* Required action *
The listing is to be reproduced exactly, excluding its pictures.

* Recorded information *
▼

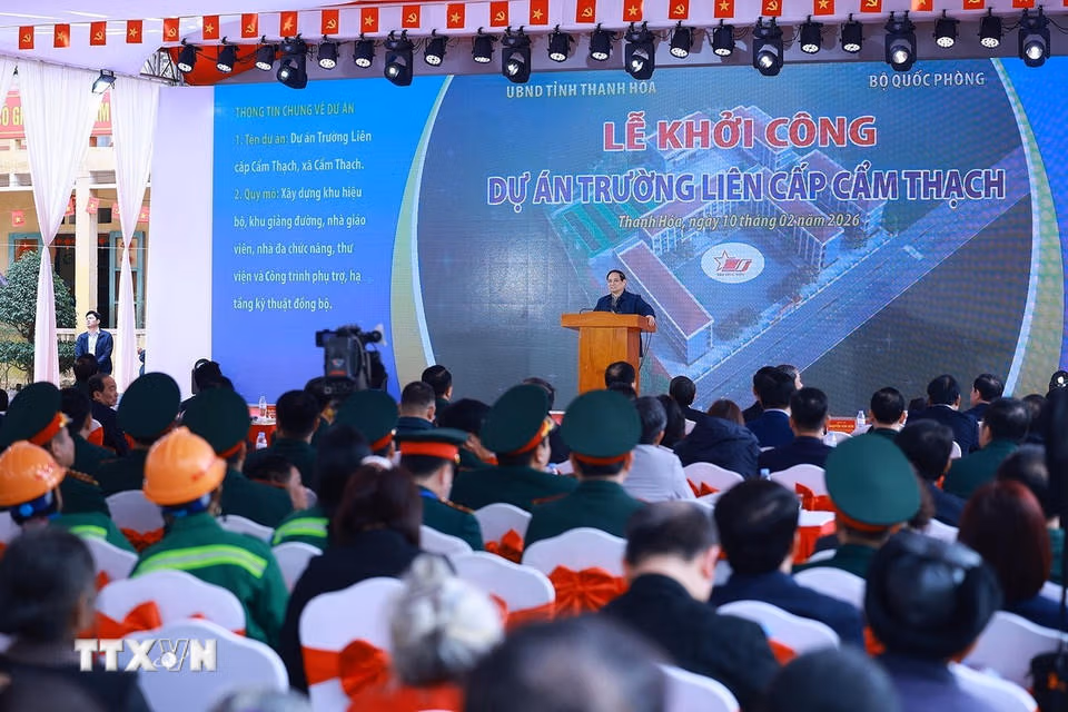 Sáng 10/2, Thủ tướng Phạm Minh Chính dự Lễ khởi công dự án Trường tiểu học Cẩm Thạch; thăm, tặng quà cho gia đình chính sách, hộ nghèo, công nhân lao động có hoàn cảnh khó khăn của tỉnh Thanh Hóa.
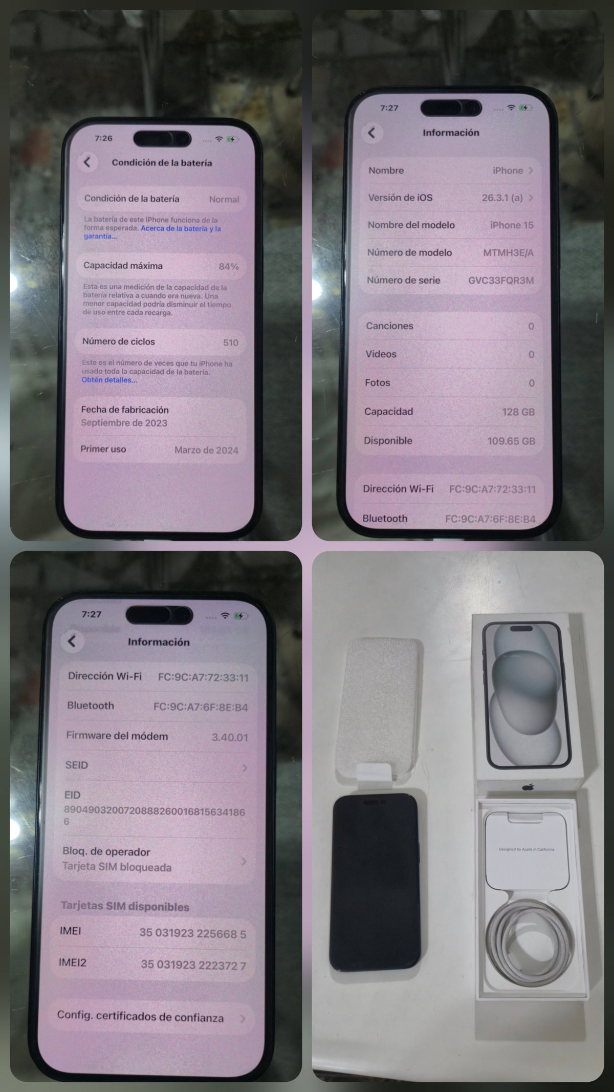 Vendo iPhone 15 de 128GB en color negro, en estado 'como nuevo'. La batería tiene un 84% de salud y ha sido muy bien cuidado. Incluye caja y cable original, así como una funda y mica de privacidad. Ideal para quien busca un smartphone de alta gama a un buen precio. Precio a tratar
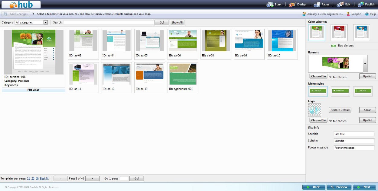 For more information on updating the look and feel of your Premium Web Builder, check our next Class, Build Your Website Structure. After you are happy with the design for your site, click on "Next" to go to the Pages section of the Premium Web Builder.
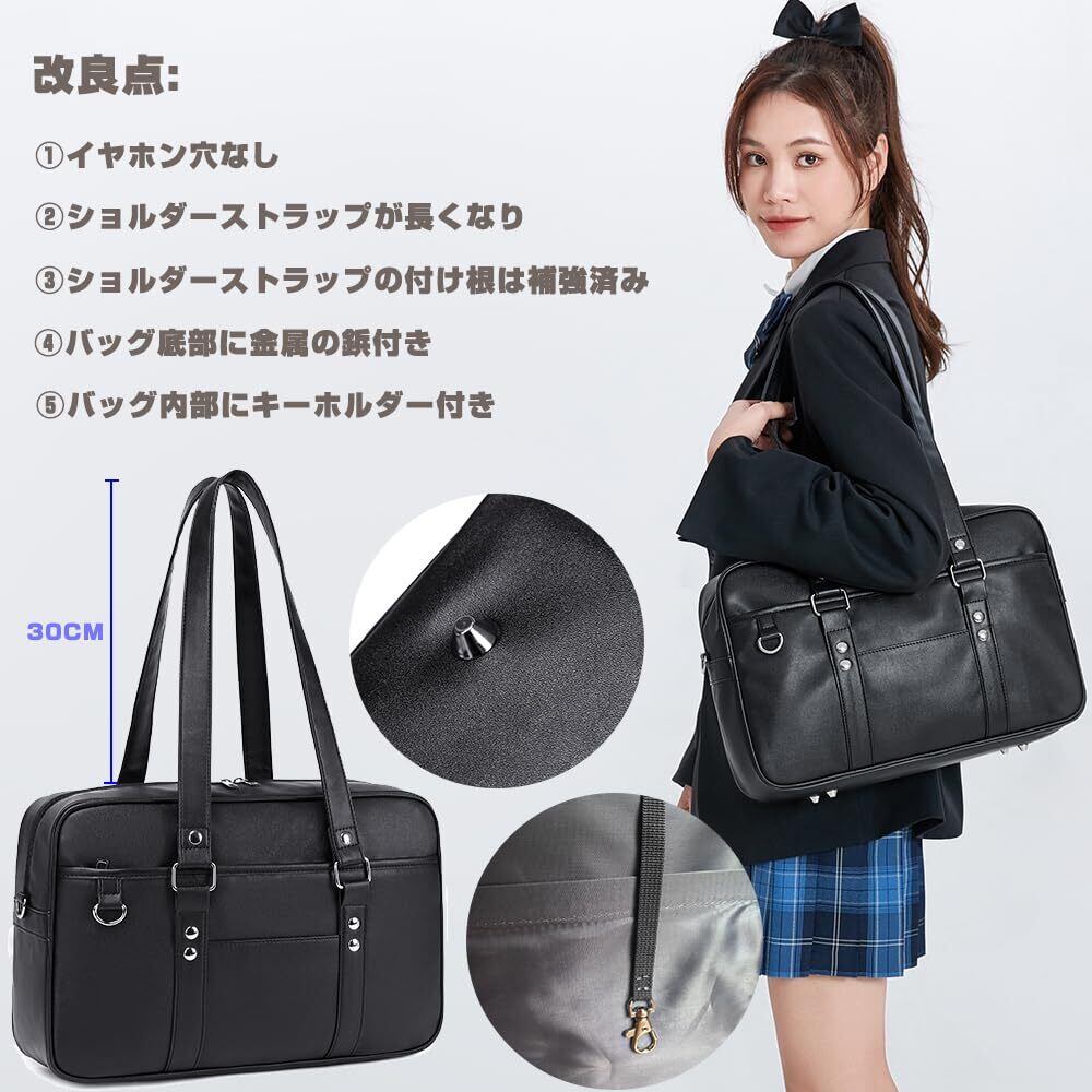 [CHUULII] スクールバッグ スクバ 合皮 女子 高校生 学生 JK 制服 通学 通塾 ボスドンバッグ 大容量 肩紐長い

▲

* Solution for this exercise *
 Sáng 10/2, Thủ tướng Phạm Minh Chính dự Lễ khởi công dự án Trường tiểu học Cẩm Thạch; thăm, tặng quà cho gia đình chính sách, hộ nghèo, công nhân lao động có hoàn cảnh khó khăn của tỉnh Thanh Hóa.
 Vendo iPhone 15 de 128GB en color negro, en estado 'como nuevo'. La batería tiene un 84% de salud y ha sido muy bien cuidado. Incluye caja y cable original, así como una funda y mica de privacidad. Ideal para quien busca un smartphone de alta gama a un buen precio. Precio a tratar
 For more information on updating the look and feel of your Premium Web Builder, check our next Class, Build Your Website Structure. After you are happy with the design for your site, click on "Next" to go to the Pages section of the Premium Web Builder.
 [CHUULII] スクールバッグ スクバ 合皮 女子 高校生 学生 JK 制服 通学 通塾 ボスドンバッグ 大容量 肩紐長い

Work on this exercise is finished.